- Source data:

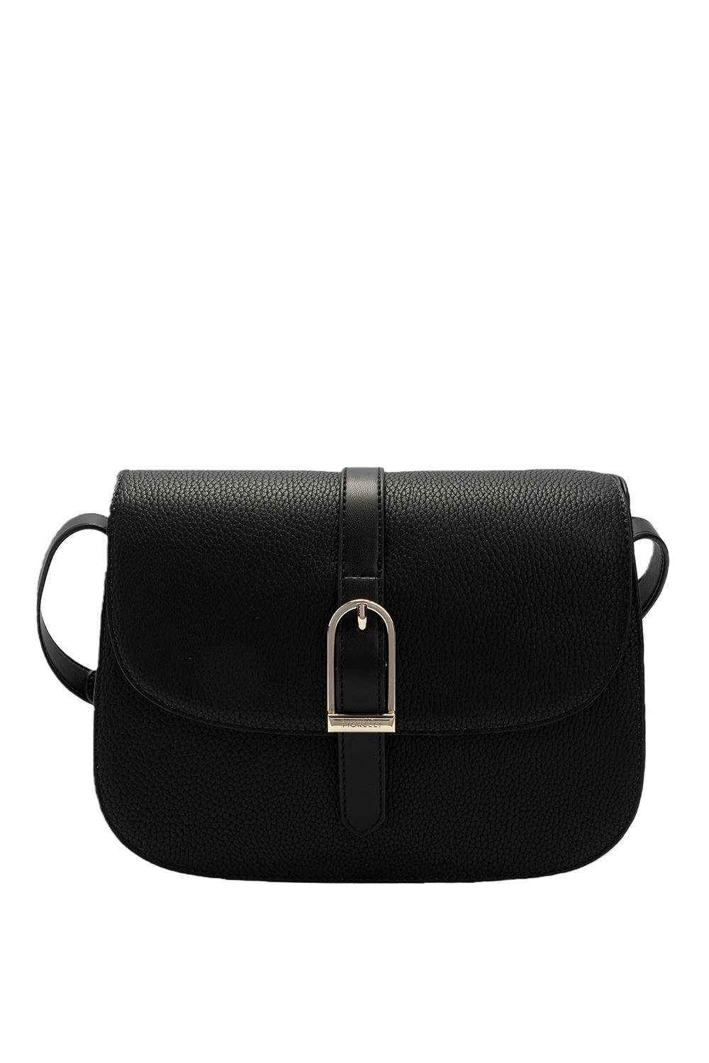 The Fiorelli True Black Leather Flap Crossbody Bag is available in sizes ONE SIZE.
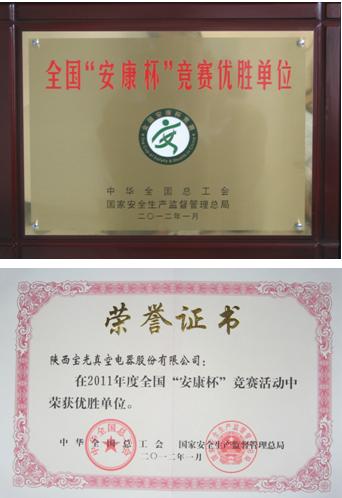 我公司榮獲2011年度全國“安康杯”競賽優(yōu)勝單位稱號。全國“安康杯”競賽活動是全國總工會、國家安全生產(chǎn)監(jiān)督管理總局聯(lián)合開展的全國工業(yè)企業(yè)安全生產(chǎn)與職業(yè)衛(wèi)生健康活動。自1999年開展以來,我公司已于2001年、2007年、2011年三次榮獲全國“安康杯”競賽活動優(yōu)勝單位殊榮。
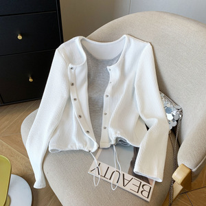 假两件套2025秋装新款女装休闲百搭抽绳开衫慵懒风长袖上衣A6360
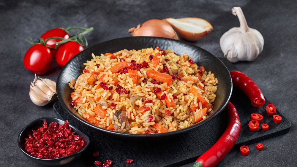 Rīsi basmati vārīti (ūdens, rīsi basmati, rapšu eļļa, sāls), cāļa giross (23.8%) (cāļa gaļa, ūdens, sīpoli, adžika mājas (ūdens, burkāni, tomāti, cukurs, tomātu pasta (tomātu koncentrāts, ūdens, sāls, rapšu eļļa)) , sāls, ķiploki, pipari čili, garšvielu maisījums (sāls, sausās paprikas pulveris, koriandrs malts, čilli malts, dilles, pētersīļi, etiķa esence, pipari asie čili malti, cukurs, adžika sausā (sāls, saldās paprikas pulveris, koriandrs, čilli, dilles, pētersīļi)), burkāni, sīpoli, burkāni, rapšu eļļa, garšvielas (zaļā paprika kaltēta, sarkanā paprika kaltēta, kumīna sēklas, bārbeļu ogas kaltētas, kurkuma malta), bārbeles ogas kaltētas, sāls, garšvielas (sāls, garšvielas, cukurs, citronu sulas pulveris, ciete, garšvielu ekstrakti, garšaugi, apelsīnu sulas pulveris, ābolu pulveris, papaijas ekstrakts), kurkuma malta
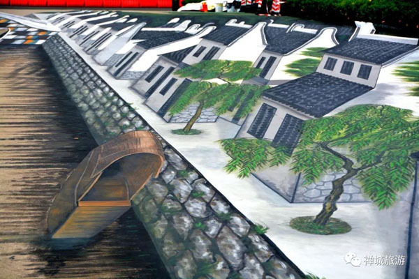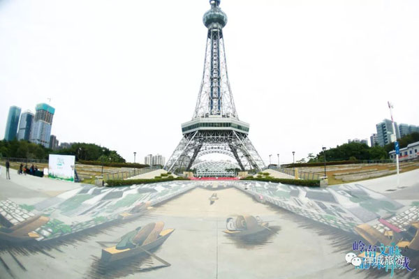 电视塔下还有一幅岭南水墨画风格的地画。它占地面积达700平方米,由一万只脚印构成。青砖、石柱建起的“镬耳屋”、岭南水乡……满满佛山文化元素。
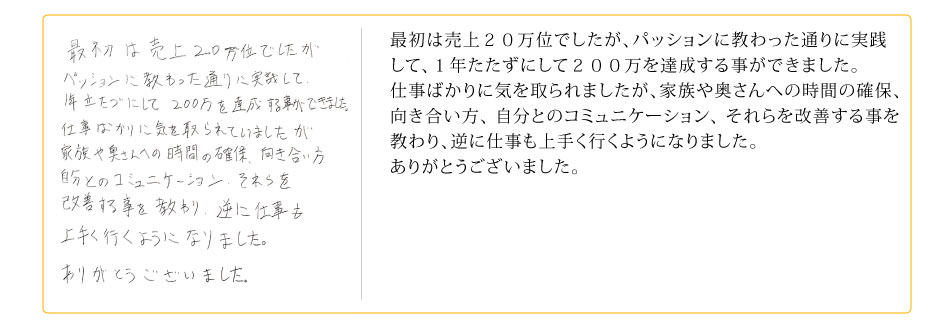 『売上0から初めて実践会に関わりパッション式営業法で10件の無料体験をゲットでき、開業1ヶ月で売上30万アップを実現できました!また雇用の仕方や教育のやり方も学べて助かってます!』
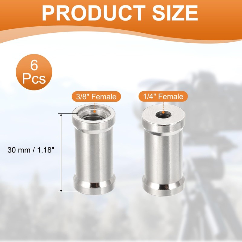 - Color: Black; Threading Size: 1/4" to 3/8" Female to Female; Length: 30 mm / 1.18 inch; Packing List: 6 Pcs x Camera Spigot Convert
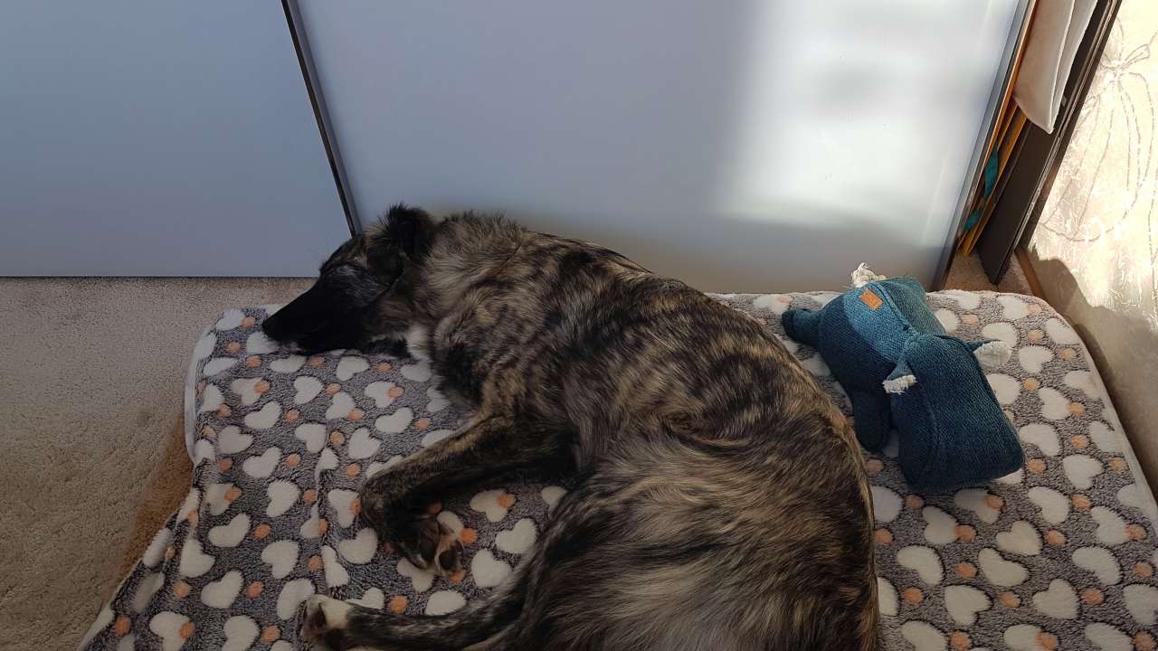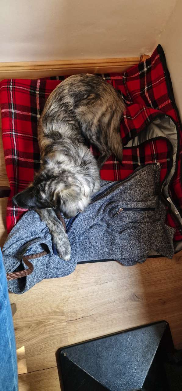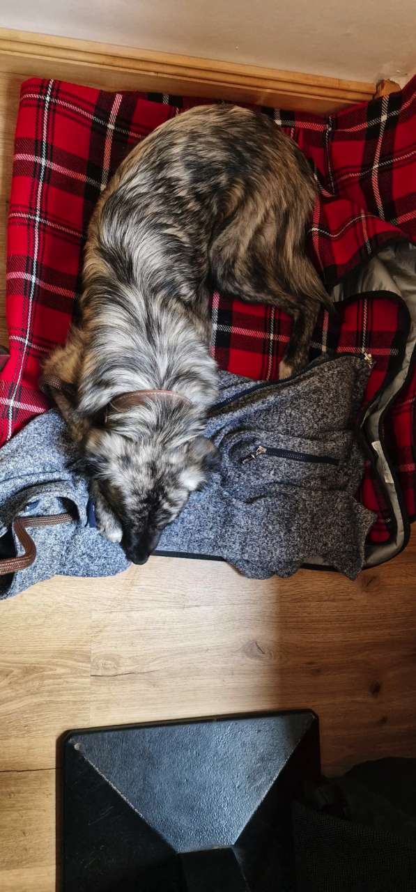 Und noch eine weitere Sache gibt's zu berichten. Frauchen hat irgendwelche Geheimnisse vor mir. Es begann schon am Montag. Sie nahm die Schlüssel, ging raus, fuhr mit dem Fahrstuhl runter und wieder rauf und war dann wieder da. Komisch. Am Dienstag dasselbe Spiel, sie nimmt die Schlüssel, dieses Mal einen grünen Sack mit, fährt Fahrstuhl runter und wieder rauf. Komisch. Ich sitze vorm Körbchen und warte leise. Gestern hat sie dann so ein rundes Ding mitgenommen. Es hat kurz gepiept, dann ist sie raus und kam fünf Minuten später wieder. Mir war das zu doof, auf sie zu warten. Ich lag im Körbchen. Sie kommt ja sowieso immer gleich wieder. Im Anhang sende ich euch noch zwei Fotos von mir, wie ich entspannt schlummere. Frauchen hat zwei wirklich coole Plätze eingerichtet, die ich richtig doll mag.

- Task item:
Print only the lines from the opening line of the listing to the line containing "假两件套2025秋装新款女装休闲百搭抽绳开衫慵懒风长袖上衣A6360", inclusive, exactly as they appear and without pictures.

- Response:
 The Fiorelli True Black Leather Flap Crossbody Bag is available in sizes ONE SIZE.
 我公司榮獲2011年度全國“安康杯”競賽優(yōu)勝單位稱號。全國“安康杯”競賽活動是全國總工會、國家安全生產(chǎn)監(jiān)督管理總局聯(lián)合開展的全國工業(yè)企業(yè)安全生產(chǎn)與職業(yè)衛(wèi)生健康活動。自1999年開展以來,我公司已于2001年、2007年、2011年三次榮獲全國“安康杯”競賽活動優(yōu)勝單位殊榮。
 假两件套2025秋装新款女装休闲百搭抽绳开衫慵懒风长袖上衣A6360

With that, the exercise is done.